The capabilities that well-designed aspheric lens surfaces can bring to optical systems are dramatic, from the simplification of objective lenses for CD and DVD drives to larger field sizes for microlithographic projection lenses. Adding aspheric surfaces to an optical design, however, can be difficult; one hurdle is the conventional mathematical representation of an aspheric surface, which for strong aspheres can introduce substantial uncertainties in the surface profile for even tiny round-off errors. Now, Greg Forbes, senior scientist at QED Technologies (Rochester, NY), has developed a shape specification that is quite well-mannered, leading to aspheric surfaces that match their intended shape-and can easily be constrained (in the process of optical design) to be more manufacturable.1
The radial profile of a rotationally symmetric aspheric surface is conventionally represented by a conic plus a polynomial that consists of a sum of monomial even-power terms; this representation is then best-fitted to the desired optimum surface profile by the optical-design program. But the terms of the polynomial, which typically alternate in sign and produce the desired profile only through heavy cancellation, are often badly behaved and, indeed, practically limit the polynomial to no more than about ten terms. This contrary behavior takes the form of huge coefficients, which lead to individual terms that can be many thousands of times larger than their coordinated effect on profile shape (net sag). The result is extreme sensitivity to errors.
The representation developed by Forbes is instead based on terms that each consist of a set of polynomials, with each term orthogonal with respect to the others-a property that essentially “decouples” each term from the rest, avoiding any heavy cancellation. “When it gets to the manufacturing end, lots of canceling coefficients boosts the chance of operator errors,” says Forbes. “We have seen this in our metrology efforts, where, thankfully, errors generally mean only that the test process fails. In fabrication, such errors generally mean that the part would be given the wrong shape. In the new representations, the coefficients can be interpreted at a glance, unlike the traditional set, which need significant processing to get any idea of the part’s shape.”

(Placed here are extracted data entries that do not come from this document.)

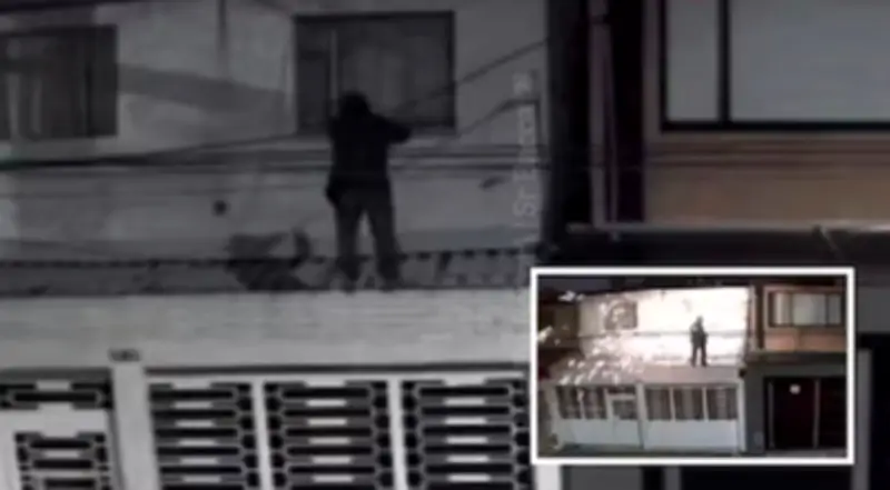 Las cámaras de vigilancia del sector registraron el momento exacto en que el individuo escaló hasta el segundo piso de una vivienda y procedió a manipular el sistema eléctrico. Al tocar los conductores energizados, recibió una descarga que generó chispas y detonaciones visibles, provocando alarma entre los residentes cercanos.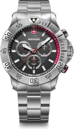 Herren Armbanduhr Seaforce Chronograph Ø 43 mm, Swiss Made, Analog Quarz, Wasserdicht bis 200 m, Edelstahl-Armband, Schwarz/Silber, 01.0643.123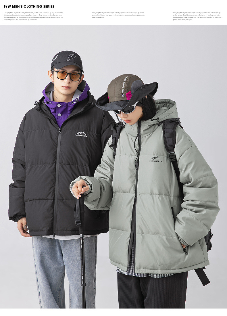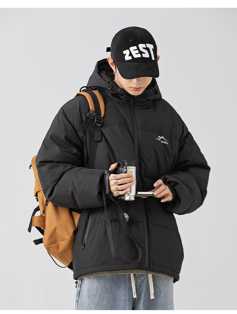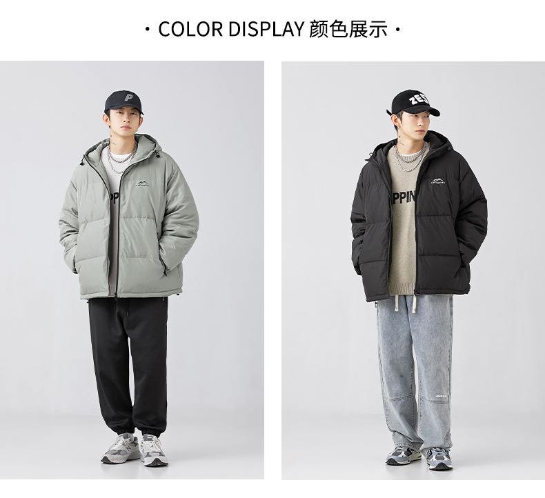 【春节不打烊】「两款配色!填充274g白鸭绒」韩路日系男装 2022年冬季新款羽绒服 男户外机能风连帽面包服外套上衣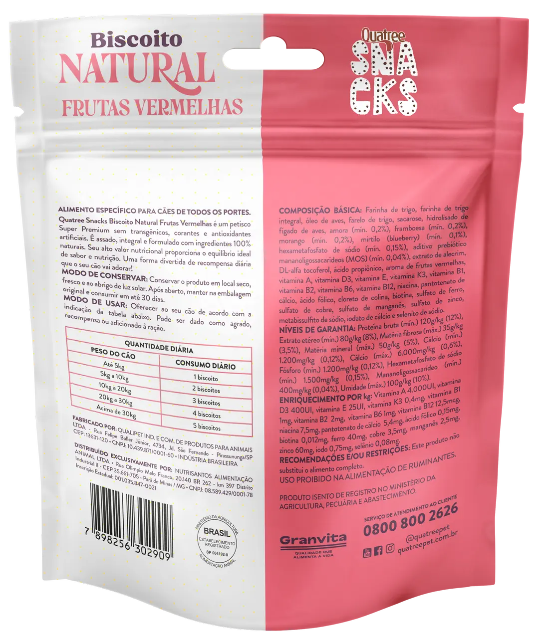 Quatree Snacks Biscoito Natural Frutas Vermelhas é um petisco Super Premium sem transgênicos, corantes e antioxidantes artificiais. É assado, integral e formulado com ingredientes 100% naturais. Seu alto valor nutricional proporciona o equilíbrio ideal de sabor e nutrição. Uma forma divertida de recompensa diária que o seu cão vai adorar!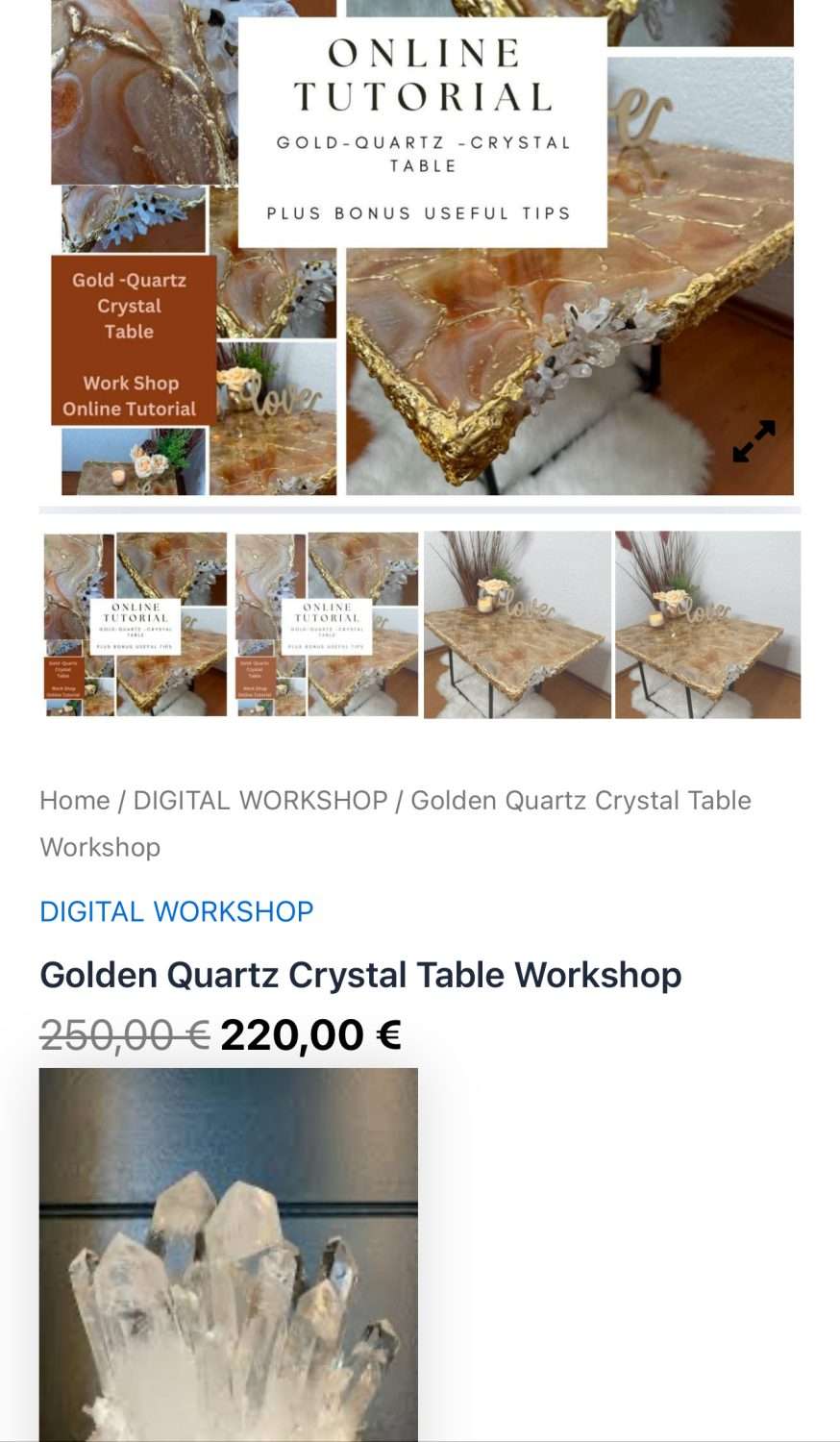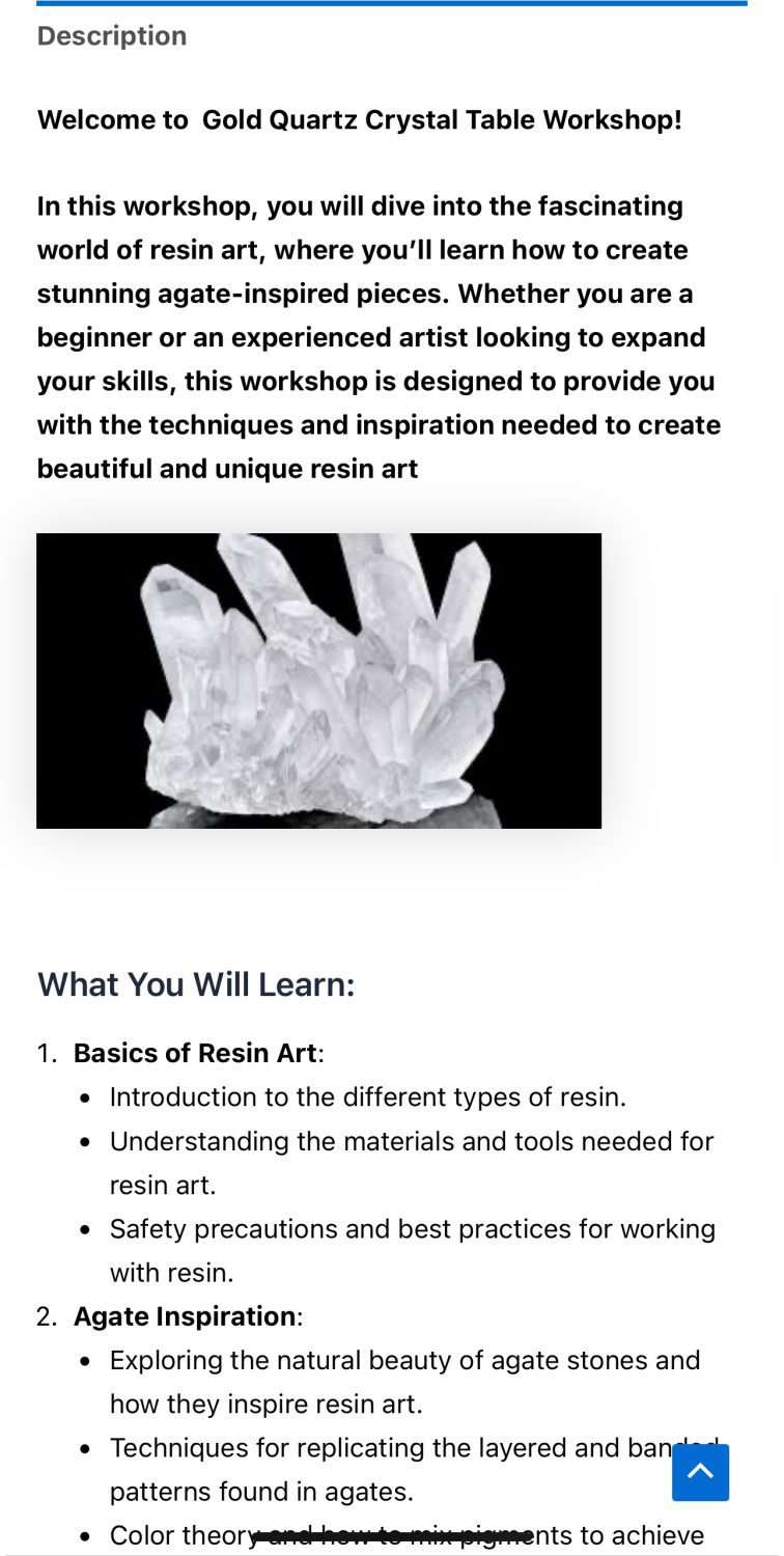 Join me for a creative and inspiring session where you’ll learn to transform resin into beautiful GOLD QUARTZ CRYSTAL TABLE like works of art.

Perhaps more important, Forbes notes, the traditional representation does not make it easy for a designer who wants to place constraints on aspheres to force them to be more cost-effective (able to be fabricated and tested without dedicated tooling or null optics). Working with the new representation chiefly involves the straightforward task of constraining the sum of the squares of the coefficients that describe the surface. Such matters can play a significant role for global optimization, in which the designer must specify the domain to be searched, says Forbes; in the new representations, this is far easier to do and can lead to more-efficient searches.
Two bases
A particular form of representation (called a “basis”) can be tailored for a particular need. One basis, termed “Qcon,” is intended for unconstrained aspheres, explains Forbes. “For example, telescope primary mirrors are close to paraboloids, and the secondaries can be close to hyperboloidal. In this case, the conic picks up most of the aspheric departure (and generally allows for simpler dedicated null tests). The additive polynomial in this case is structured to leave the axial intercept and axial curvature of the conic unchanged. These entities are often of direct interest to the designer who therefore needs easy access to them. That is why the polynomial portion in this case begins at the fourth order.”
The second basis, called “Qbfs,” has another purpose altogether, Forbes notes. “In particular, for an asphere to be especially cost-effective, it must be sufficiently close to spherical in shape. More specifically, for the purposes of testing, the slope of the normal deviation between the part and its best-fit sphere must be constrained. This second basis is therefore defined with respect to a sphere. What’s more, the additive portion now must start at the second order (to allow for the axial curvature to be different from the best-fit curvature) and it must vanish at the edge (to leave the best-fit sphere unchanged). In this way, the additive portion changes the shape of the surface without changing its best-fit sphere. Again, the coefficients can be interpreted upon inspection. The main thing, however, is that a measure of the difficulty of interferometrically testing the part is directly accessible. These constraint-related matters are the main motivation behind Qbfs, and our intent with it is to boost the prevalence of more-cost-effective aspheres by putting improved tools in the designers’ hands.”
The particular levels that are set for these constraints depend on the interferometric tool, whether it be a standard Fizeau interferometer (which, without null optics, can measure only mild aspheres), or QED’s SSI-A (a subaperture-stitching interferometer that, again without null optics, can measure stronger aspheres).
But the ideal is to tie the new aspheric-surface representations into the entire design and fabrication process. “We can directly include these new representations into QED’s control software, but the challenge is to get them used by designers so that users will come to our machines with these new descriptions of aspheres in their hands,” says Forbes. “We are therefore working with the major optical-design-code people to see if we can facilitate getting these representations in place and used.”
REFERENCE
1. G.W. Forbes, Optics Express 15(8) (April 16, 2007).